### Saved data entries:
____

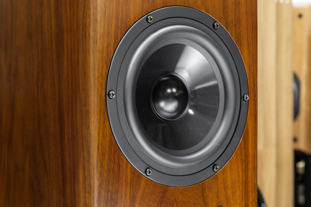 В акустике используются, ленточный твитер с алюминиевой мембраной и 165-мм СЧ/НЧ-динамик с диффузором из композитного материала. Композит имеет полимерную основу с наполнением слюдой и волокнами графита. Диффузор установлен на мягком резиновом подвесе и у него довольно большой рабочий ход. Корзина динамика литая, алюминиевая. Для лучшего контроля и увеличения максимальной мощности он оснащен большим магнитом диаметром 120 мм и весьма крупной (для динамика такого калибра) 35-мм звуковой катушкой, намотанной плоским проводом.
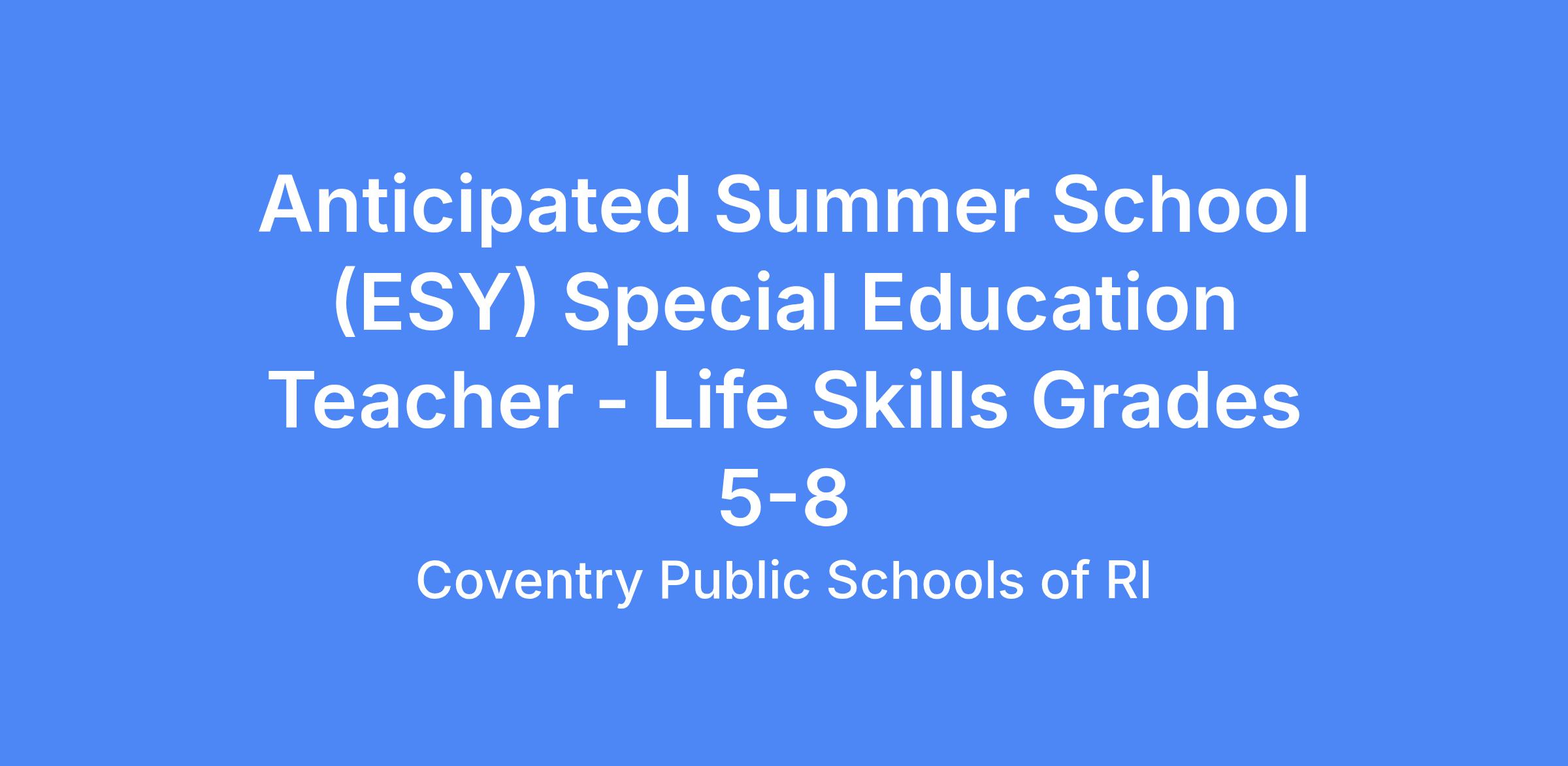 Coventry Public Schools is seeking to hire a Summer School (ESY) Special Education Teacher for Life Skills Grades 5-8
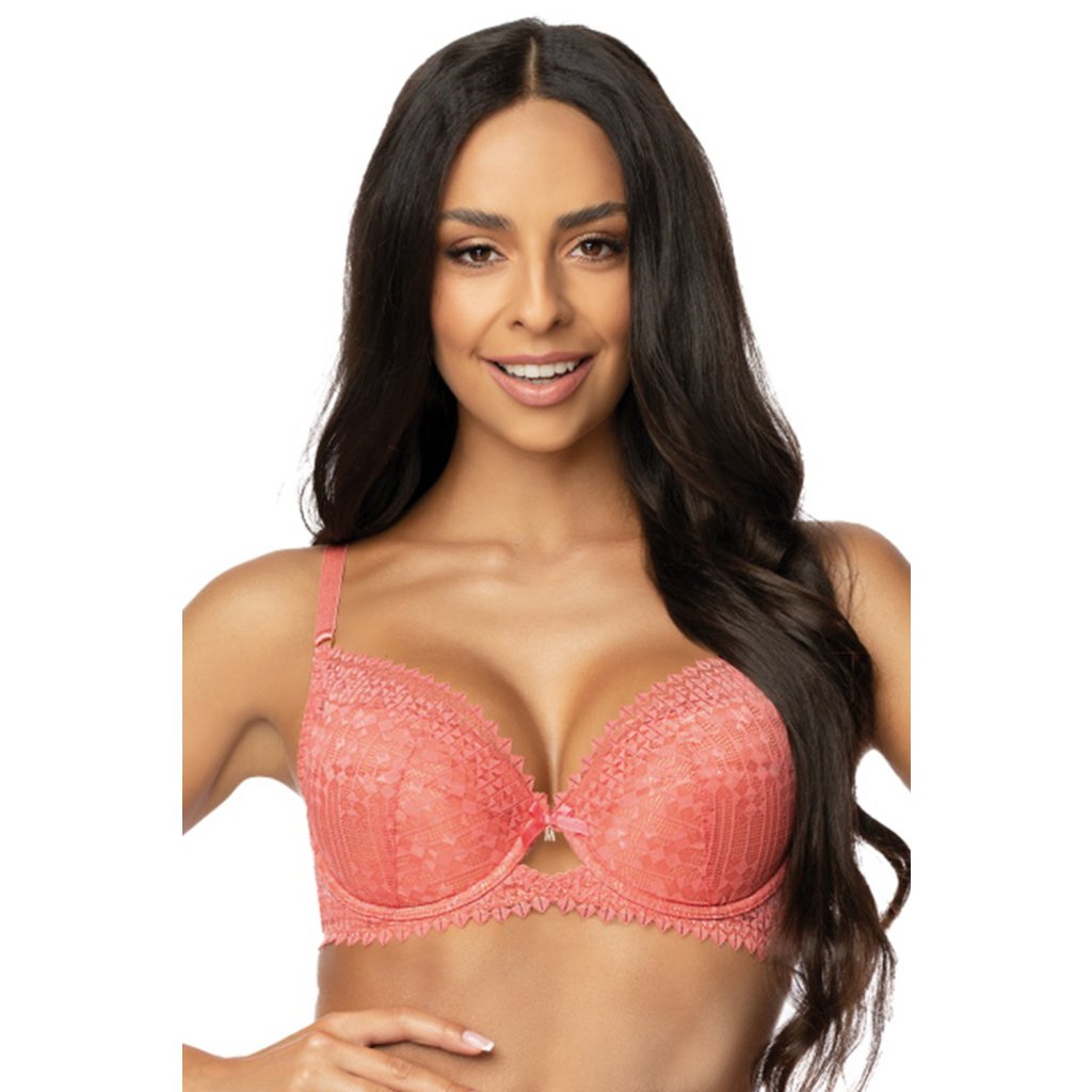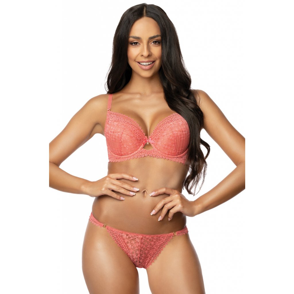 Podprsenka push-up:- košíčky z efektní krajky v korálové barvě
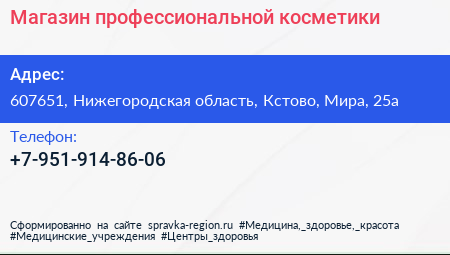 Магазин профессиональной косметики по адресу 607651, Нижегородская область, Кстово, Мира, 25а в дальнейшем Организация, размещена в следующих категориях:
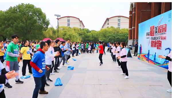 活动在校健美操队的《青春活力》暖场舞蹈中拉开序幕,周立志宣布“最美校园”健康跑活动开幕。体育部竞赛中心主任干敏雷老师带领选手热身,邵军为比赛发令。
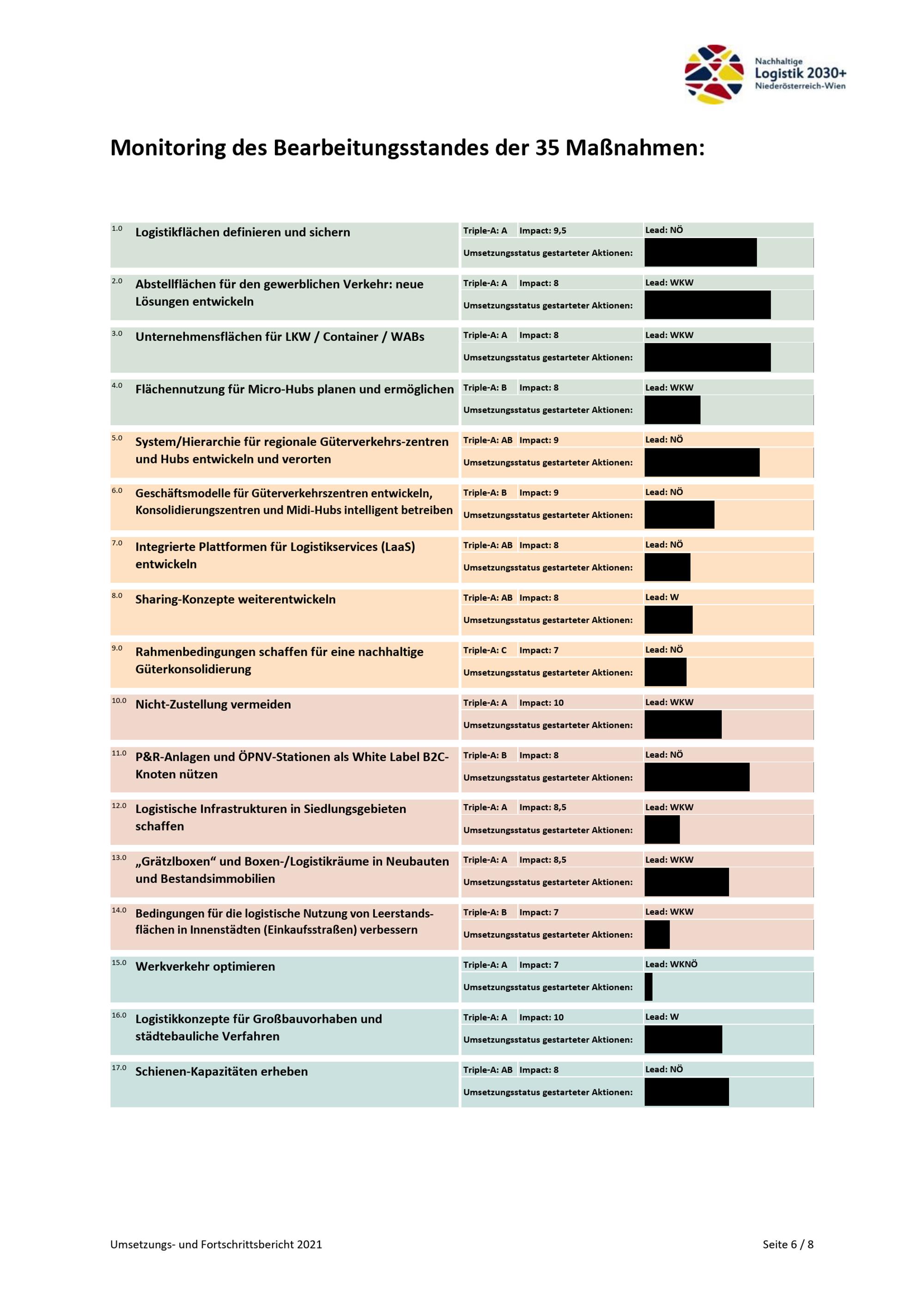 Nachhaltige Logistik 2030+ Niederösterreich-Wien : Umsetzungs- und Fortschrittsbericht 2021 / Projektträger: Amt der Niederösterreichischen Landesregierung, Stadt Wien - Stadtentwicklung und Stadtplanung [und 2 weitere] ; mit der Durchführung beauftragt: Denkstatt ; Econsult
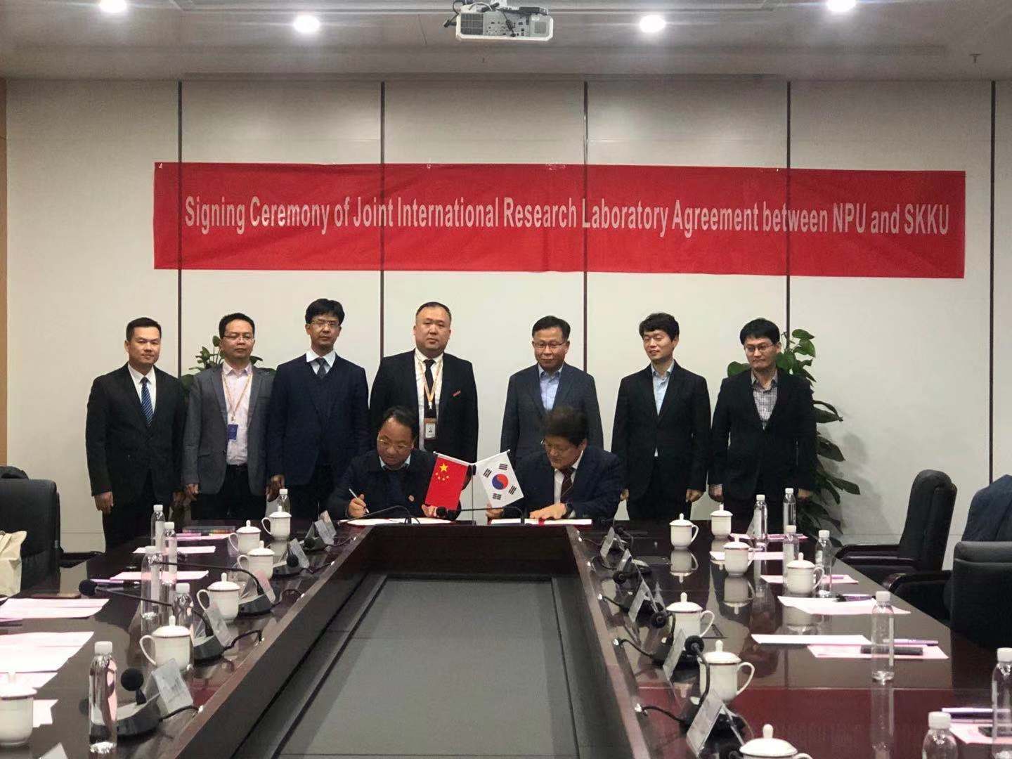 随后,访问团就太仓校区、长三角研究院建设发展情况,建立西工大-成均馆大学联合研究实验室进行座谈交流。郑曦常务副院长代表长三角研究院与太仓校区管理委员会热烈欢迎访问团一行的来访;长三角研究院张铁邦副院长介绍了长三角研究院情况;周德云院长简要介绍了我校和成均馆大学关于合作办学的进展和筹备情况,并介绍了国际联合研究实验室的科研方向和目标;张富利处长表示大力支持我校和成均馆大学的合作办学,并提出了明确要求;郑曦常务副院长作了总结发言,代表太仓校区管委会和长三角研究院表示大力支持我院与成均馆大学建立国际联合实验室落户太仓。座谈结束后,June-Ho Yi院长和周德云院长签署了国际联合研究实验室合作协议;张富利处长和郑曦常务副院长共同为长三角研究院国际合作部揭牌。

____

### DIRECTIONS:
Except for pictures, copy the records above exactly.

### FINAL ANSWER:
 В акустике используются, ленточный твитер с алюминиевой мембраной и 165-мм СЧ/НЧ-динамик с диффузором из композитного материала. Композит имеет полимерную основу с наполнением слюдой и волокнами графита. Диффузор установлен на мягком резиновом подвесе и у него довольно большой рабочий ход. Корзина динамика литая, алюминиевая. Для лучшего контроля и увеличения максимальной мощности он оснащен большим магнитом диаметром 120 мм и весьма крупной (для динамика такого калибра) 35-мм звуковой катушкой, намотанной плоским проводом.
 Coventry Public Schools is seeking to hire a Summer School (ESY) Special Education Teacher for Life Skills Grades 5-8
 Podprsenka push-up:- košíčky z efektní krajky v korálové barvě
 Магазин профессиональной косметики по адресу 607651, Нижегородская область, Кстово, Мира, 25а в дальнейшем Организация, размещена в следующих категориях:
 活动在校健美操队的《青春活力》暖场舞蹈中拉开序幕,周立志宣布“最美校园”健康跑活动开幕。体育部竞赛中心主任干敏雷老师带领选手热身,邵军为比赛发令。
 Nachhaltige Logistik 2030+ Niederösterreich-Wien : Umsetzungs- und Fortschrittsbericht 2021 / Projektträger: Amt der Niederösterreichischen Landesregierung, Stadt Wien - Stadtentwicklung und Stadtplanung [und 2 weitere] ; mit der Durchführung beauftragt: Denkstatt ; Econsult
 随后,访问团就太仓校区、长三角研究院建设发展情况,建立西工大-成均馆大学联合研究实验室进行座谈交流。郑曦常务副院长代表长三角研究院与太仓校区管理委员会热烈欢迎访问团一行的来访;长三角研究院张铁邦副院长介绍了长三角研究院情况;周德云院长简要介绍了我校和成均馆大学关于合作办学的进展和筹备情况,并介绍了国际联合研究实验室的科研方向和目标;张富利处长表示大力支持我校和成均馆大学的合作办学,并提出了明确要求;郑曦常务副院长作了总结发言,代表太仓校区管委会和长三角研究院表示大力支持我院与成均馆大学建立国际联合实验室落户太仓。座谈结束后,June-Ho Yi院长和周德云院长签署了国际联合研究实验室合作协议;张富利处长和郑曦常务副院长共同为长三角研究院国际合作部揭牌。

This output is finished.